== Work to complete ==
Write out, word for word, each line from the start of the entries through the one holding "Dramatic Sledgehammer Impact"; omit the pictures.

Top of Record excerpts

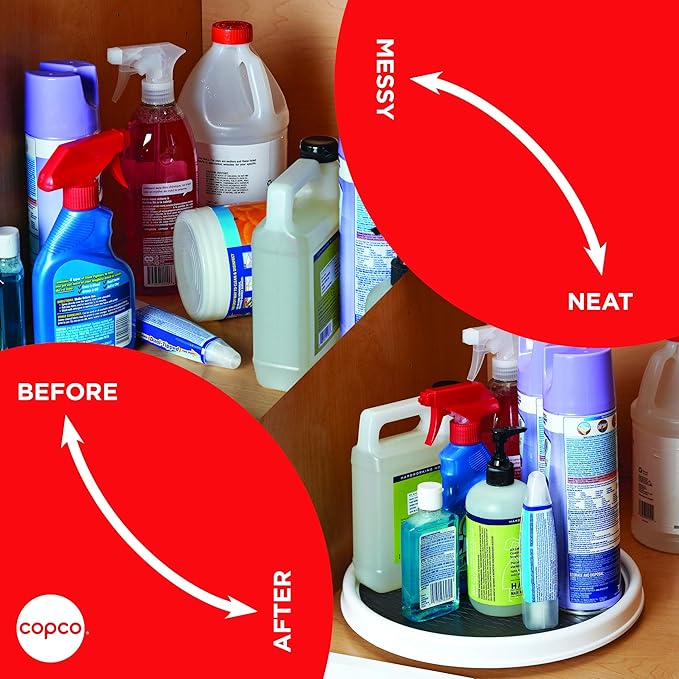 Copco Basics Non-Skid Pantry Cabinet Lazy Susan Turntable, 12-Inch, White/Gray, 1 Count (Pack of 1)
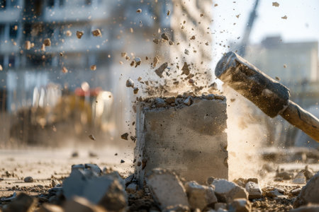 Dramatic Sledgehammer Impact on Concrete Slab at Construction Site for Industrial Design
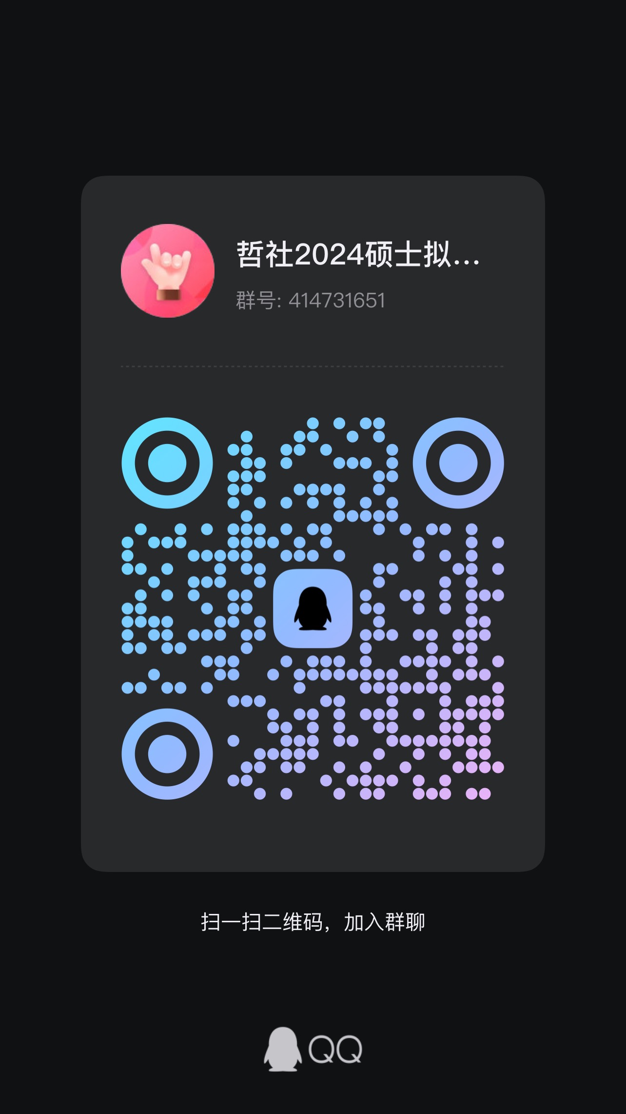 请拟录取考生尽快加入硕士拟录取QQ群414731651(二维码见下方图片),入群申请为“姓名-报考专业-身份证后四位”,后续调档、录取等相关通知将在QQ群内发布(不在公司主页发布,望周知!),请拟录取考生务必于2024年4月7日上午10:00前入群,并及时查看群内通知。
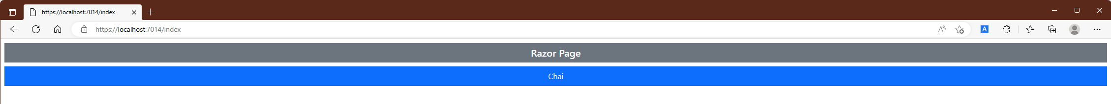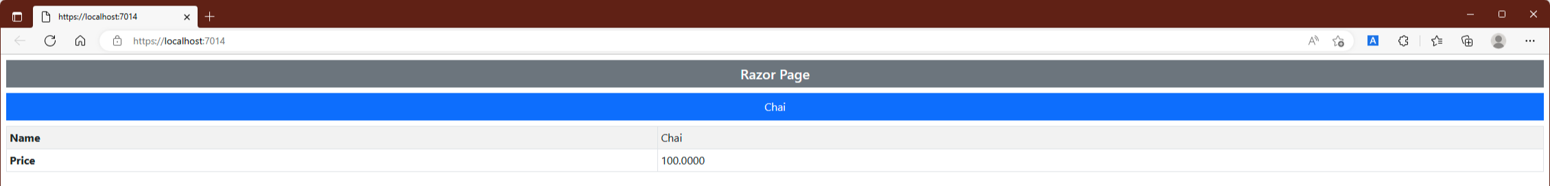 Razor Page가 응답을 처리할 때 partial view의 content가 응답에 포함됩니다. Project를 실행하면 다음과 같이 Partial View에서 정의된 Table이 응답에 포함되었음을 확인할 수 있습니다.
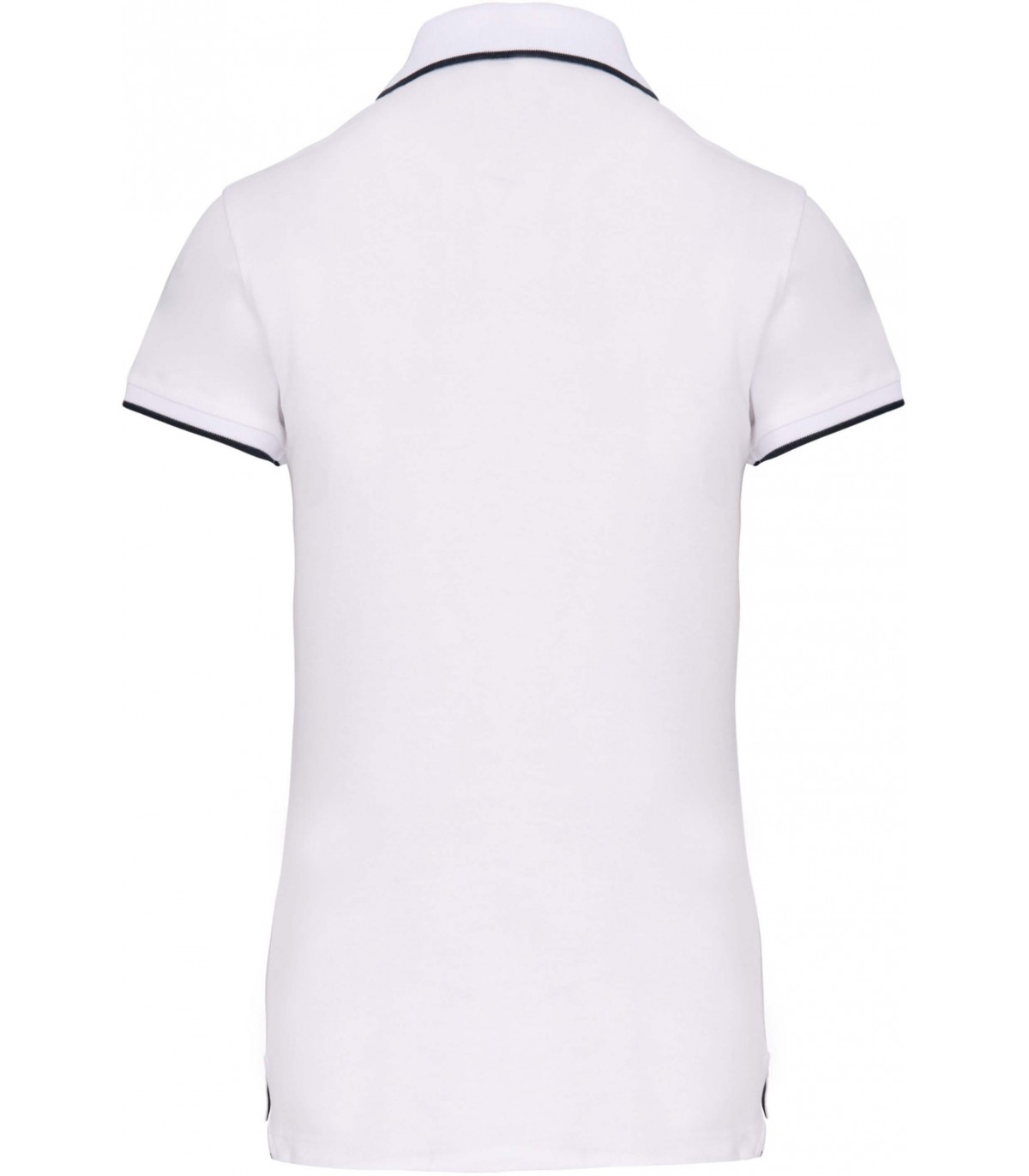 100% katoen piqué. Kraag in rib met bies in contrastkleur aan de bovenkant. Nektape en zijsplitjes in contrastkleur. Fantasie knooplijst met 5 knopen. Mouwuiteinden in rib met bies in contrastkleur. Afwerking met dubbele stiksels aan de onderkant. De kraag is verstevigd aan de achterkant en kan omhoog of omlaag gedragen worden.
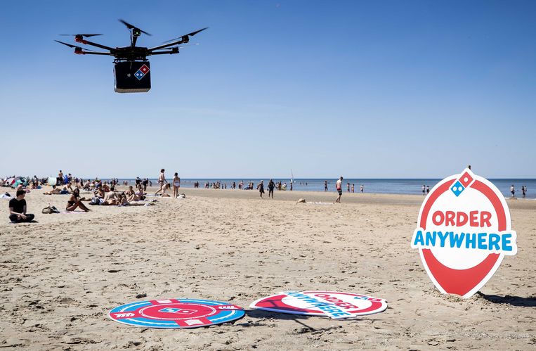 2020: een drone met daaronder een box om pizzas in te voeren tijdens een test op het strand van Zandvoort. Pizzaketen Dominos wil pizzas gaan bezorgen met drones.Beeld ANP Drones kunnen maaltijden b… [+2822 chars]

Bottom of Record excerpts

== Answer below ==
 Copco Basics Non-Skid Pantry Cabinet Lazy Susan Turntable, 12-Inch, White/Gray, 1 Count (Pack of 1)
 Dramatic Sledgehammer Impact on Concrete Slab at Construction Site for Industrial Design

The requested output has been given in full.